━━━━━ DATA SEGMENT ━━━━━

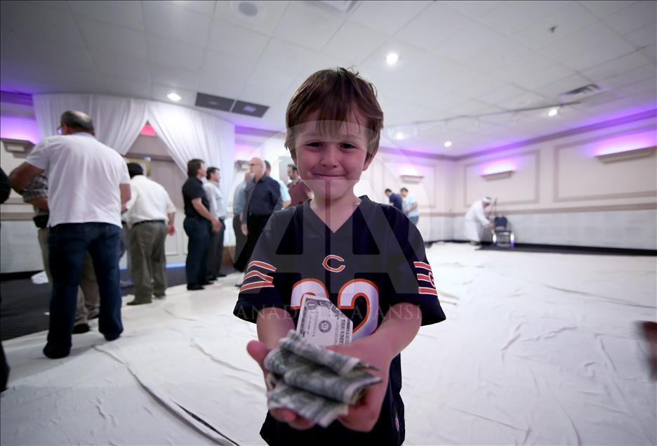 ABD'nin Chicago kentinde Türk Amerikan Kültür Derneği (TACA) tarafından düzenlenen organizasyonla Kurban Bayramı kutlandı. Hanging Garden Banquet’te gerçekleşen etkinlikte önce bayram namazı kılındı ardından da katılımcılara kahvaltı ve kavurma ikram edildi. Babası Serbülent Şimşek tarafından etkinliğe getirilen 4 yaşındaki Adyan, namazın ardından el öperek, harçlık topladı.
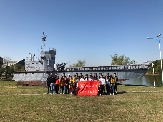 在活动中,全体同学环绕中山舰全舰参观。经过复原后的中山舰,还原了历史原貌,驾驶舱、舰长室等清晰可辨,尤其是舰体右前甲板上日军炸弹留下的直径约一米的弹洞,无比震慑。在文物陈列室,大家参观了从中山舰打捞出水的各类文物,包括生活用品、武器装备、舰体设施等。它们从不同角度反映了中山舰在各个历史时期的政治、军事、经济、文化等社会活动及该舰官兵们的精神面貌。详细回顾“武汉会战”等与中山舰相关的革命历史事件,缅怀革命先烈和战斗英雄。随后参观了登陆舰模型和胜利广场。
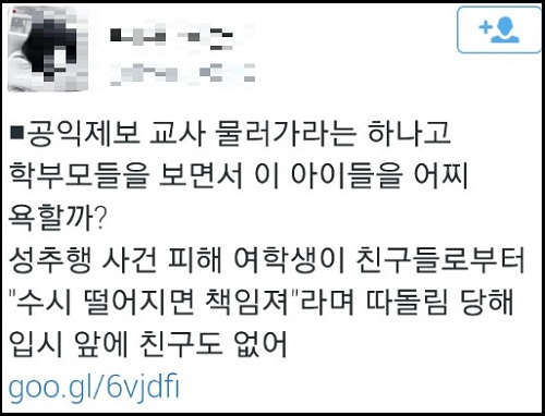 역사학자 전우용 박사는 자신의 트위터를 통해 “입시 담당 교사가 성추행으로 중징계를 받자, 피해 학생에게 ‘내가 수시 떨어지면 네가 책임져’라고 했다는 저 학생. 오늘의 대한민국이 키워낸 내일의 대한민국”이라고 개탄했다.

━━━━━

> _WORK TASK_
Take the line that contains "在活动中,全体同学环绕中山舰" and all lines after it to the end of the material above, and copy them verbatim without any images.

> _RESULT FOR THIS EXERCISE_
 在活动中,全体同学环绕中山舰全舰参观。经过复原后的中山舰,还原了历史原貌,驾驶舱、舰长室等清晰可辨,尤其是舰体右前甲板上日军炸弹留下的直径约一米的弹洞,无比震慑。在文物陈列室,大家参观了从中山舰打捞出水的各类文物,包括生活用品、武器装备、舰体设施等。它们从不同角度反映了中山舰在各个历史时期的政治、军事、经济、文化等社会活动及该舰官兵们的精神面貌。详细回顾“武汉会战”等与中山舰相关的革命历史事件,缅怀革命先烈和战斗英雄。随后参观了登陆舰模型和胜利广场。
 역사학자 전우용 박사는 자신의 트위터를 통해 “입시 담당 교사가 성추행으로 중징계를 받자, 피해 학생에게 ‘내가 수시 떨어지면 네가 책임져’라고 했다는 저 학생. 오늘의 대한민국이 키워낸 내일의 대한민국”이라고 개탄했다.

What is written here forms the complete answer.